══ EXCERPTED DATA ══

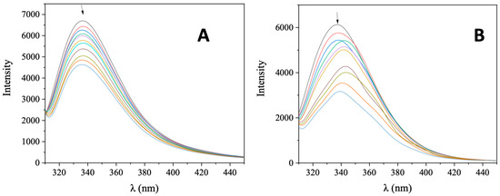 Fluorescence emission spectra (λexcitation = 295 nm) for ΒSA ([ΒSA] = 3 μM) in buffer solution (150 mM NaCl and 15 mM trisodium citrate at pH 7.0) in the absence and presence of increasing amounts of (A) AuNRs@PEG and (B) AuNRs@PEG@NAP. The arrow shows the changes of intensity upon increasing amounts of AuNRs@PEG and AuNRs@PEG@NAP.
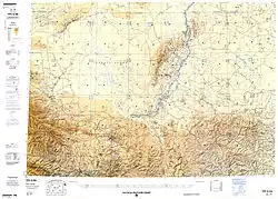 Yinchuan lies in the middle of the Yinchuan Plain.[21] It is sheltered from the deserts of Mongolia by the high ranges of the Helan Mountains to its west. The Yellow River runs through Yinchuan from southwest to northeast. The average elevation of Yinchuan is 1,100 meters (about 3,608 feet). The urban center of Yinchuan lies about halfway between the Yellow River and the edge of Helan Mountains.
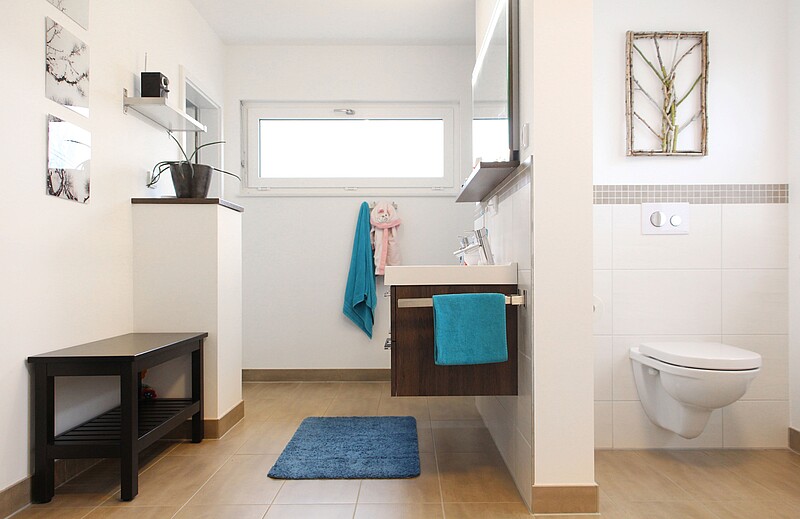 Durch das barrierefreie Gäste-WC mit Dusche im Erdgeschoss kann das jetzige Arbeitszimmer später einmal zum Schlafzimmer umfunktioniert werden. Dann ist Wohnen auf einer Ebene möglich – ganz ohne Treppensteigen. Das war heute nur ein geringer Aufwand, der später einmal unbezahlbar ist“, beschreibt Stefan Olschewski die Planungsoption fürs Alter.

═══
══ EXCERPTED DATA ══

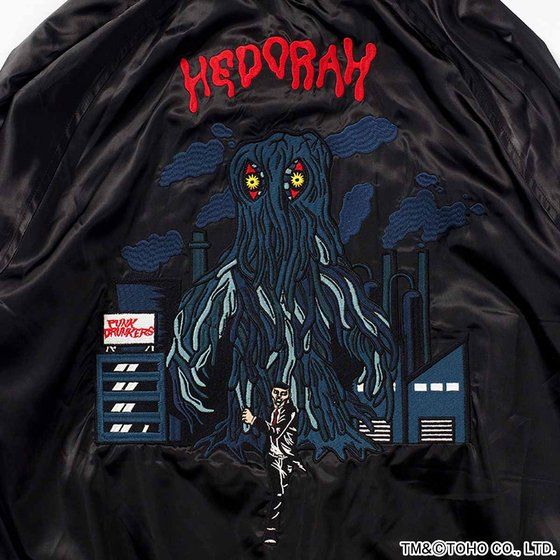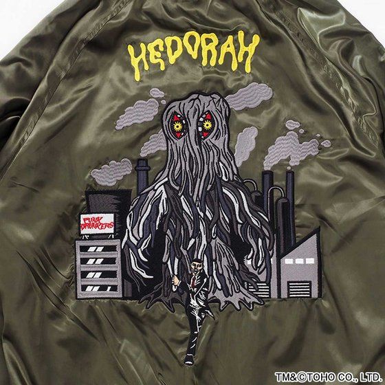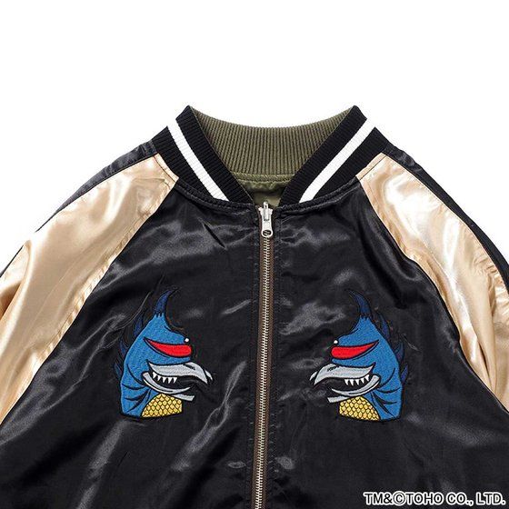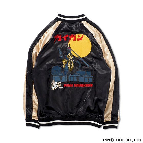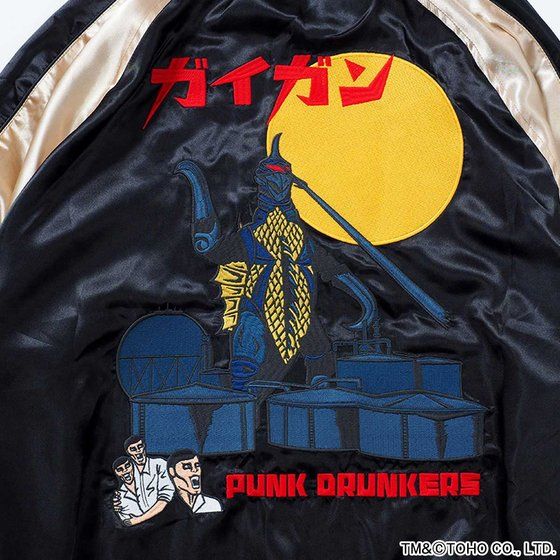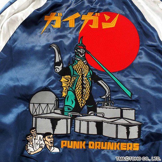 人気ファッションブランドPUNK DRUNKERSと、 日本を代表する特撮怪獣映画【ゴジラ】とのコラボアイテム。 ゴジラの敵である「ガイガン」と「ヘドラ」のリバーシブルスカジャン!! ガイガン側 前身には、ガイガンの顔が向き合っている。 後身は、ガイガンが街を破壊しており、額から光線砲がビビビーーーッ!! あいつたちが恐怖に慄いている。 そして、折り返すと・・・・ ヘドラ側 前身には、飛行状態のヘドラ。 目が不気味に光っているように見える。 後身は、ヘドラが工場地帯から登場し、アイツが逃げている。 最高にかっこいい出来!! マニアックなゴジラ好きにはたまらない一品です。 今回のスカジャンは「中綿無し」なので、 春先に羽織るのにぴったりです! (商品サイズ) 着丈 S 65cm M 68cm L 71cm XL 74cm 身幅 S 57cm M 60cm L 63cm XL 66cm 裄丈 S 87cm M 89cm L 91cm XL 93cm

═══

→ **YOUR INSTRUCTIONS**
In the listing above, find the line with "Fluorescence emission spectra" and the line with "Durch das barrierefreie". Set down both and every line between them, minus the pictures.

→ **RESULT OF THE TASK**
 Fluorescence emission spectra (λexcitation = 295 nm) for ΒSA ([ΒSA] = 3 μM) in buffer solution (150 mM NaCl and 15 mM trisodium citrate at pH 7.0) in the absence and presence of increasing amounts of (A) AuNRs@PEG and (B) AuNRs@PEG@NAP. The arrow shows the changes of intensity upon increasing amounts of AuNRs@PEG and AuNRs@PEG@NAP.
 Yinchuan lies in the middle of the Yinchuan Plain.[21] It is sheltered from the deserts of Mongolia by the high ranges of the Helan Mountains to its west. The Yellow River runs through Yinchuan from southwest to northeast. The average elevation of Yinchuan is 1,100 meters (about 3,608 feet). The urban center of Yinchuan lies about halfway between the Yellow River and the edge of Helan Mountains.
 Durch das barrierefreie Gäste-WC mit Dusche im Erdgeschoss kann das jetzige Arbeitszimmer später einmal zum Schlafzimmer umfunktioniert werden. Dann ist Wohnen auf einer Ebene möglich – ganz ohne Treppensteigen. Das war heute nur ein geringer Aufwand, der später einmal unbezahlbar ist“, beschreibt Stefan Olschewski die Planungsoption fürs Alter.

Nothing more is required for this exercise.